I generally agree with Aron's answer.

Depending on the modeling software you use, the matrix notation $Ax = b$ may be more or less convenient than sigma notation. For instance, with the C++ interfaces to CPLEX, CLP, CBC, and the Open Solver Interface (OSI), the linear algebra notation is definitely easier to work with, since the interfaces specifically ask you to set up the problem in (more or less) the form of $Ax = b$ (these interfaces are slightly more flexible).

However, some software packages treat defining a linear program as a more declarative process. Examples include GAMS, and the Python packages PuLP and Coopr. These packages focus on making the process of defining the LP look much more like the summation (or sigma) notation used in many problems. It is, of course, possible to force a problem coded in one of these packages to look like $Ax = b$, but it's nice not to have to resort to that notation if you find it cumbersome. Furthermore, these packages are not set up as standalone solvers, and thus are much more likely to have interfaces to multiple solvers, allowing for increased flexibility in implementation (since solvers vary in speed) and distribution (not everyone has licenses for closed-source solvers).
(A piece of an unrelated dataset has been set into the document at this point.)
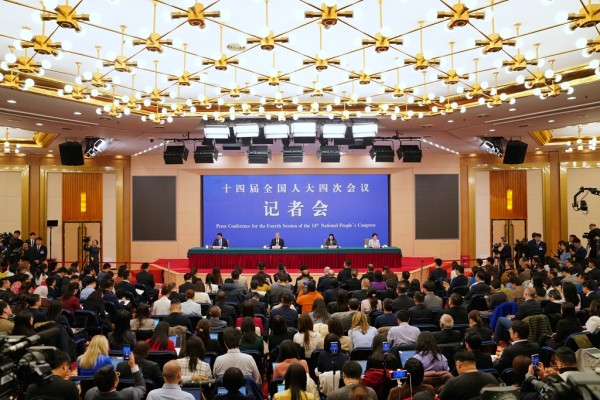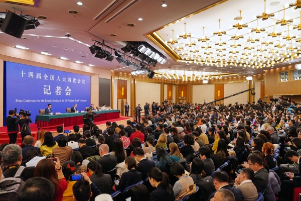 3月8日,十四届全国人大四次会议在北京梅地亚中心新闻发布厅举行外交主题记者会。这是中外记者提问。

For these reasons, I'd recommend, in decreasing order of preference:

  • PuLP because it's easy-to-use, lightweight, open source, and in Python
  • Coopr because it's open source and in Python (but more flexible than PuLP)
  • OSI because it's open source, and is an interface to multiple (mixed-integer) linear programming solvers, but it requires that you work in a compiled language (C++), which is a usability drawback only necessary for large-scale problems where PuLP and Coopr might run out of memory or take too long
  • GAMS because it's easy-to-use, and uses math-like notation, but is closed-source and the trial version can only solve smaller LPs

It took me only about a day or so to learn enough about PuLP to solve small research-scale problems. It took me a couple weeks to get the hang of OSI for research, because compiled languages require more time for development; first, there was the issue of installation, then making sure that I could compile the example files and set up Makefiles correctly, and finally, programs written in C++ are generally a few times longer than programs written in Python to accomplish the same task.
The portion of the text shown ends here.